Its pre-budget submission also seeks action to address the demands of a rapidly changing labour market, to help businesses attract and retain the best talent and to help companies prepare for Brexit.

Ireland's largest employers' organisation said Budget 2020 could be the most strategically important one faced by the State in a generation and so brave and necessary steps are needed to protect the Irish business model.

It cites changes to global corporation tax policy, Brexit, a challenging international trading environment and a rapidly expanding population among the many threats currently facing the Irish economy.

But Ibec says with the country currently enjoying windfall corporate taxes and strong growth in household incomes, there is an opportunity to face and tackle the challenges from a position of strength.

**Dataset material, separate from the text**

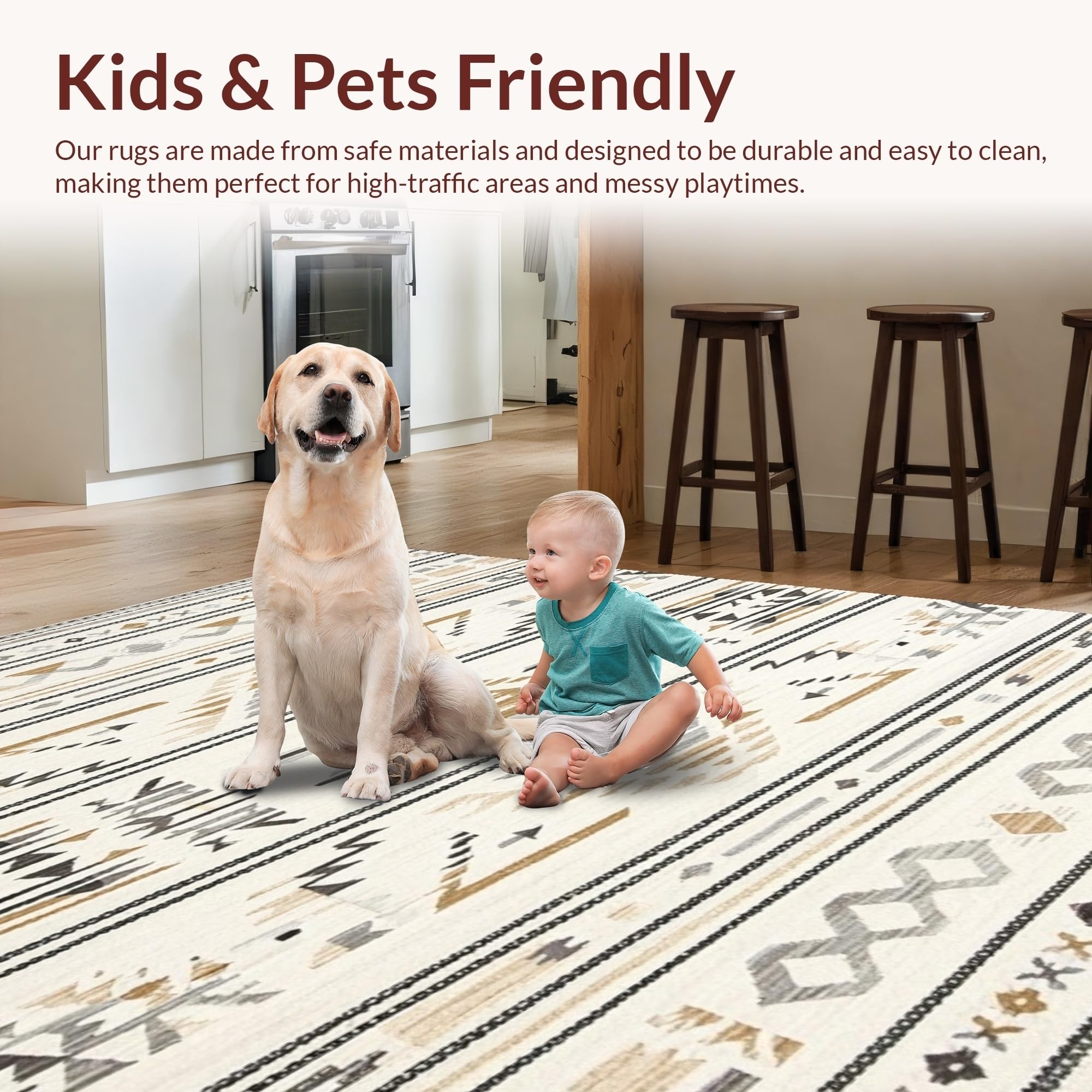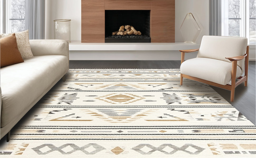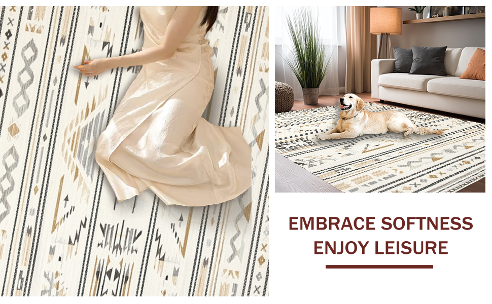 Ultra Soft Area Rug, Non Slip, Stain Resistant, Washable Area Rugs for Living Room, Bedroom, Stylish Half-Circle Crochet Accent(Beige) Overview:

"The Exchequer has received a €14.3 billion corporate tax surprise over the past four years, but we haven't used this revenue wisely," Ibec's Director of Policy and Public Affairs Fergal O'Brien said, noting that much of it had been absorbed into day-to-day spending.


"We need to put that money into a Strategic Investement Fund, and one we can get our hands on. Not something too restrictive like the Rainy Day Fund."

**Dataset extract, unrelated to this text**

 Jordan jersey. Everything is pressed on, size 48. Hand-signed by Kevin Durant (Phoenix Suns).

"The priority has to be around innovation, education and infrastructure. On all three, we're not performing strongly enough. We have an ambitious National Development Plan but projects are not proceeding as fast as they should," he added.

Asked if the proceeds should be used to reduce our significant national debt, Mr O'Brien said investing in productive areas of the economy would shield us from any potential increase in debt servicing costs.

"Our borrowing costs could go up, but it's more likely that investors will look at the potential growth rate for the economy. If they can see economy with capacity to grow, even if in a cyclical downturn, then the markets will respond in terms of cost of finance," he said.

Ibec said indigenous businesses must be supported through tax policy changes including reform of Capital Gains Tax, the R&D tax credit and the Employment Incentive and Investment Scheme (EIIS).

"Given the wide range of imbalance and uncertainty in business, personal and environmental tax, we also think that it is time for Government to set up a new Commission of Taxation to ensure that the tax system is sustainable in the decades ahead," said Fergal O'Brien.

Ibec also warned that reform of global corporation tax through the OECD means Ireland has never faced greater challenges to its model for attracting multinational investment.

As a result, it said, radical improvements are needed in areas like education, infrastructure, innovation, and tax supports for advanced manufacturing to protect Ireland's attractiveness as a place to invest.

Businesses must also receive more support in getting ready for Brexit, it claimed, both in terms of preparation and mitigation of the effects.

This includes plans for measures to stabilise the wider economy and particular sectors in the event that Britain leaves the EU without a deal.

The high cost of housing, long commutes and environmental challenges must also be dealt with in the budget through investment, Ibec said, so that businesses can continue to attract and retain the best talent.

The high cost of development land must also be urgently addressed, while the National Development Plan needs to be delivered and climate change tackled.

Employers also want measures to deal with the key labour market challenges posed by the rapidly changing labour market, including inadequate childcare, the under-funding of higher education and insufficient supports for share option schemes.